* What the task asks *
Begin at the line below that holds "Medicine cup, 2" and end at the line that holds "配置恒訊達公司HXD09的P", transcribing each line exactly and skipping any picture.

* Information provided *
──────────────────────────────
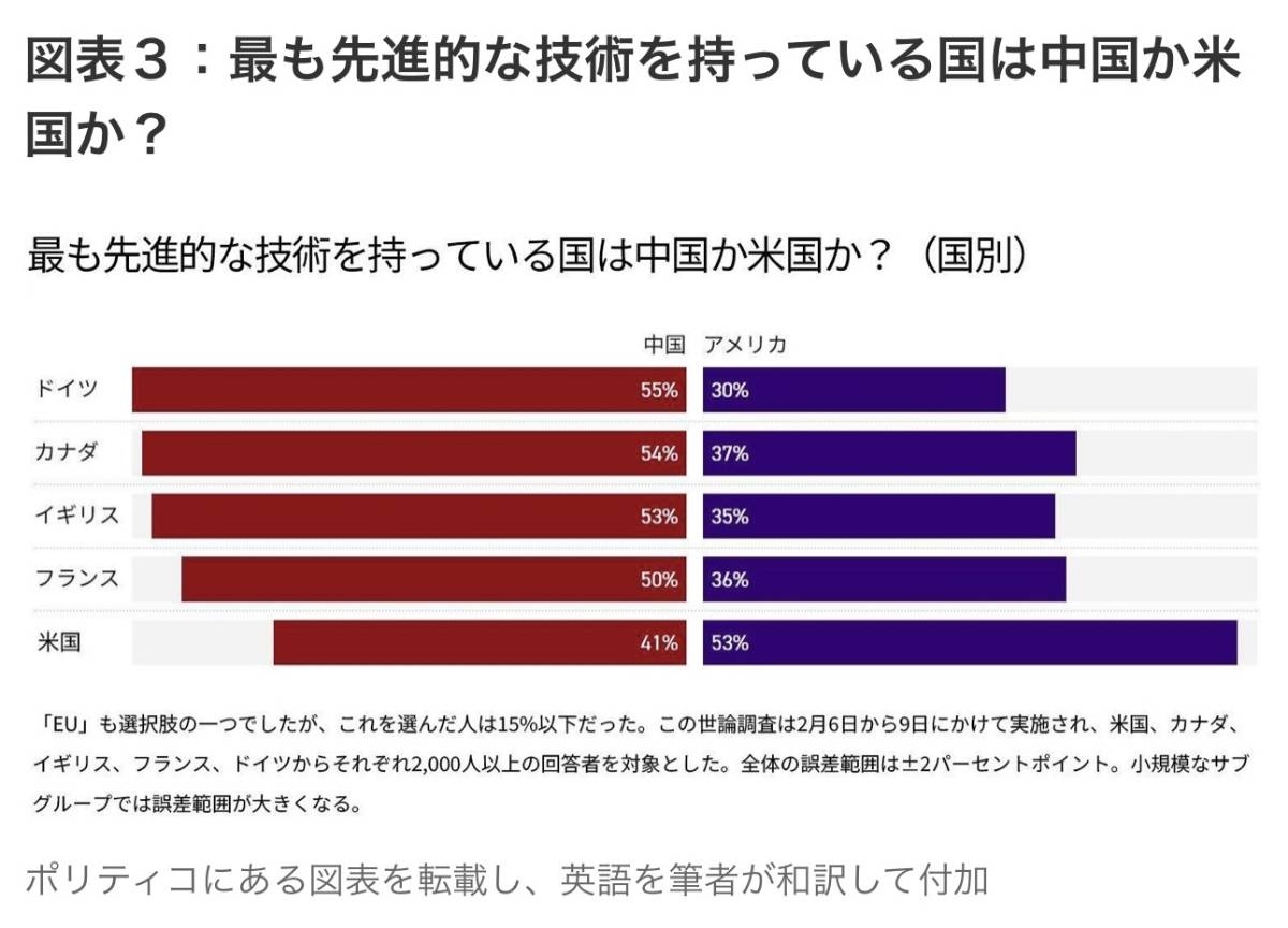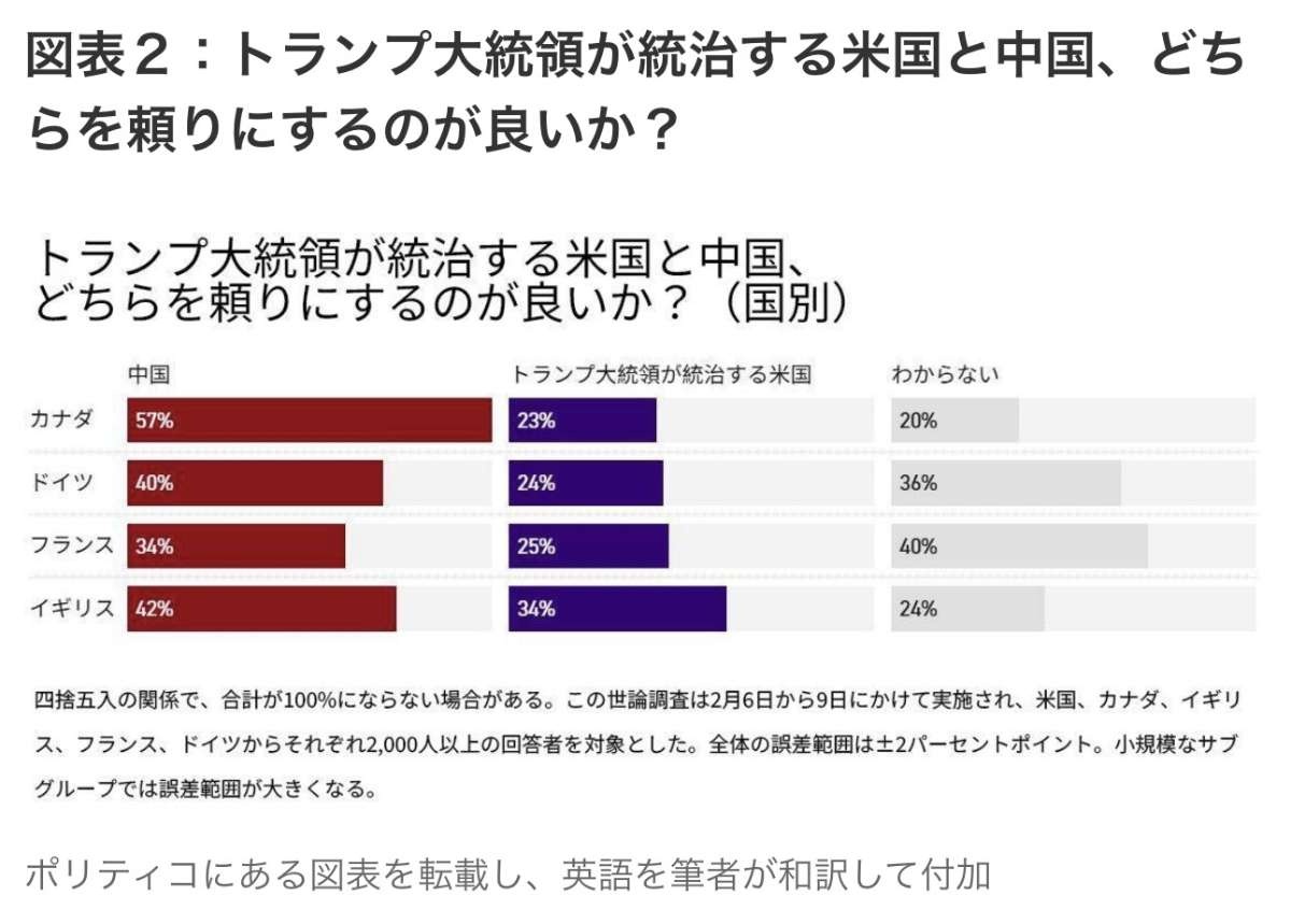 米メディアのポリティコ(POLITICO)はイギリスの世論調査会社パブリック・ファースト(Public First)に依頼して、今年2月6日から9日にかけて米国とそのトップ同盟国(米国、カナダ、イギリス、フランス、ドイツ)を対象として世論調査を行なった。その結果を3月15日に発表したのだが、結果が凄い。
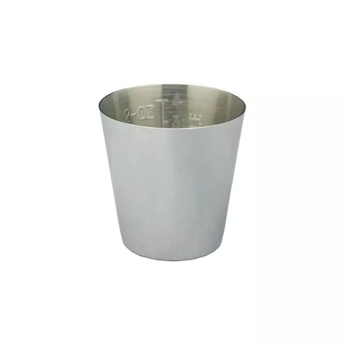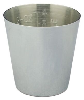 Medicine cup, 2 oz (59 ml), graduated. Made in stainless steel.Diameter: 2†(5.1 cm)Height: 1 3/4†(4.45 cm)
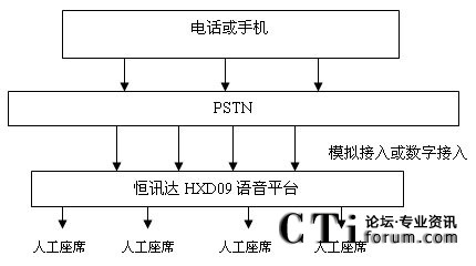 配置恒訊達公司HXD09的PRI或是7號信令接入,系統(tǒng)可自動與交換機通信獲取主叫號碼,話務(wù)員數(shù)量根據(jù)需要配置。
──────────────────────────────
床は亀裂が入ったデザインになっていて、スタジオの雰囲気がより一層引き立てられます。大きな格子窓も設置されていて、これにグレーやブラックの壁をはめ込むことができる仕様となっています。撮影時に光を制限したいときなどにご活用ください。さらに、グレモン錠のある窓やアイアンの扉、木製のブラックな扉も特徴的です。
──────────────────────────────
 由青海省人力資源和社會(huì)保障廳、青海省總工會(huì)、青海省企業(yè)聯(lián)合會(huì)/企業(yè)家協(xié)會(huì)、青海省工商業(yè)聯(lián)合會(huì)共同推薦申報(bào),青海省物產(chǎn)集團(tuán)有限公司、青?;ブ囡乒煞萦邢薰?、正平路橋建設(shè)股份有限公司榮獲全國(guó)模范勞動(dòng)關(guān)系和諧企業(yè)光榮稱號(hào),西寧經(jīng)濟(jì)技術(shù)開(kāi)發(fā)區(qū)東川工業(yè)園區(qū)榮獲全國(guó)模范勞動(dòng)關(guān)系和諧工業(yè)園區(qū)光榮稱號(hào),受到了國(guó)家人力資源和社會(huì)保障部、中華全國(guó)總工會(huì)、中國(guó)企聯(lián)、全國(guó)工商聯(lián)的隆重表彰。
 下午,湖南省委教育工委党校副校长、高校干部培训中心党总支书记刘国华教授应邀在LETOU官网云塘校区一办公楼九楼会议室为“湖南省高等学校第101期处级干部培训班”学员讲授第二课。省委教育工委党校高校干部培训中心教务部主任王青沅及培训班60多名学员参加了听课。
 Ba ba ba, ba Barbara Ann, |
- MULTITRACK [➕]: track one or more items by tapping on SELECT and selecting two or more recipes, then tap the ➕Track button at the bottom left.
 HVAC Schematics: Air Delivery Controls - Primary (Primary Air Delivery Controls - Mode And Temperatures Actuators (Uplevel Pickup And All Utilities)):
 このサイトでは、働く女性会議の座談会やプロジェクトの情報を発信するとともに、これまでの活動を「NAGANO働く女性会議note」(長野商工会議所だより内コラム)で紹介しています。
──────────────────────────────
* Written answer *
 Medicine cup, 2 oz (59 ml), graduated. Made in stainless steel.Diameter: 2†(5.1 cm)Height: 1 3/4†(4.45 cm)
 配置恒訊達公司HXD09的PRI或是7號信令接入,系統(tǒng)可自動與交換機通信獲取主叫號碼,話務(wù)員數(shù)量根據(jù)需要配置。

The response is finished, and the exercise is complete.